On Dec. 21 the SEC issued an Investor Alert on Securities Backed Lines of Credit in cooperation with FINRA, which also announced the alert. The alert describes securities backed lines of credit (SBLOCs) and how they work, and discusses the potential advantages and risks (including tax consequences) of using them. The alert includes 10 suggested questions for investors to ask to help ensure they understand the potential benefits and risks of SBLOCs.
The OCC recently released a report covering risks facing national banks and federal savings associations. The agency’s Semiannual Risk Perspective for Fall 2015 highlights strategic, underwriting, cybersecurity, compliance, and interest rate risks as its key supervisory concerns. Comptroller of the Currency Thomas J. Curry expressed concerns over weakening credit standards, among other risks, during a call discussing the report.
On Dec. 21 the Federal Reserve Board released guidance to its examiners and banking institutions that consolidates the capital planning expectations for all large financial institutions and clarifies differences in those expectations based on firm size and complexity. The guidance for complex firms clarifies expectations that have been previously communicated to firms, including through past Comprehensive Capital Analysis and Review (CCAR) exercises and related supervisory reviews. The guidance for noncomplex firms clarifies the supervisory expectations to be applied for the firms' capital planning processes.

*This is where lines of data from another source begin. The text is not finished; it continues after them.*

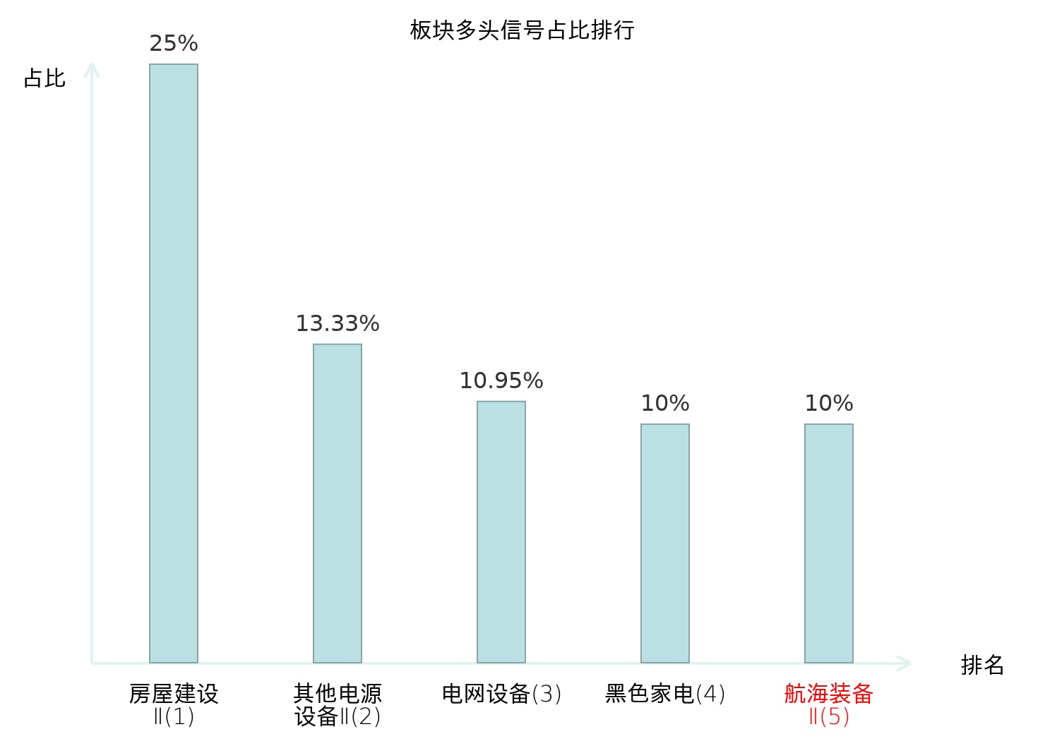 全市场所有行业板块中主力多头信号占比排名中,房屋建设Ⅱ板块位居第一。航海装备Ⅱ板块名次提升最快,较昨日上升112位。
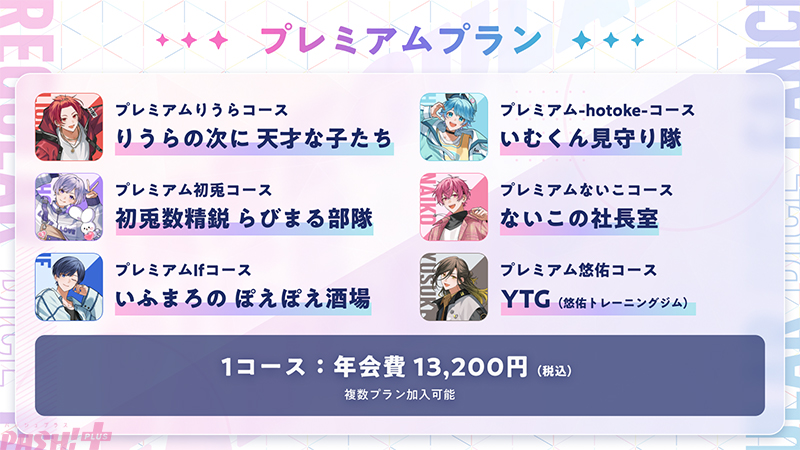 既存の会員プラン(月額会員:550円、年額会員:6,600円)に加え、より深くいれいすメンバーを応援したい方に向けて、各メンバーごとの「プレミアムプラン」を新設します。
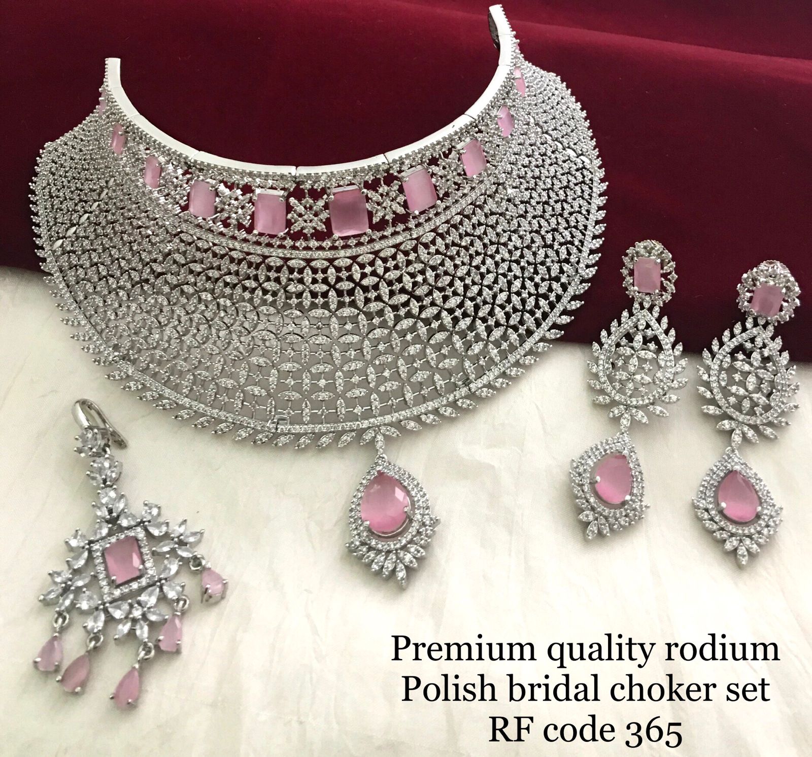 NEELAMBARI, RHODIUM FINISH HEAVY CHOKER NECKLACE WITH MAANGTIKKA FOR WOMEN-ARTCNNE001

The Federal Reserve Board (the Board) announced on Dec. 21 that it is seeking public comment on its proposed policy statement detailing the framework the Board would follow in setting the Countercyclical Capital Buffer (CCyB). The CCyB is designed to increase the resilience of large banking organizations by raising capital requirements on internationally active banking organizations when there is an elevated risk of above-normal losses. Once fully phased in, the buffer could range from 0% of risk-weighted assets in times of moderate financial-system vulnerabilities to a maximum of 2.5% when vulnerabilities are significantly elevated. In addition to releasing the framework for comment, the Board also voted to affirm the CCyB amount at the current level of 0%. Comments may be submitted until Feb. 19, 2015.
Enforcement & Litigation
On Dec. 17 FinCEN announced its first settlement with and assessment against a “card club” gaming establishment. Oaks Card Club d/b/a Oaks Club (Oaks), of Emeryville, California admitted that it violated the program and reporting requirements of the Bank Secrecy Act (BSA). The settlement and FinCEN’s assessment require Oaks to pay a fine of $650,000 for willful violations of the BSA. A card club is a type of gaming establishment where games are generally limited to those actually involving cards and in which players play against each other and not against the “house.” Like casinos, card clubs are defined as financial institutions under the BSA and are subject to FinCEN’s rules.
On Dec. 15 the SEC announced that it had brought a complaint against Atlantic Asset Management LLC (AAM), a Stamford, Connecticut-based investment advisory firm, alleging that AAM invested more than $43 million of client funds in illiquid bonds issued by a Native American tribal corporation without disclosing the conflict of interest arising from the fact that the bond sales generated a private placement fee for the broker-dealer, whose parent company partially owns AAM.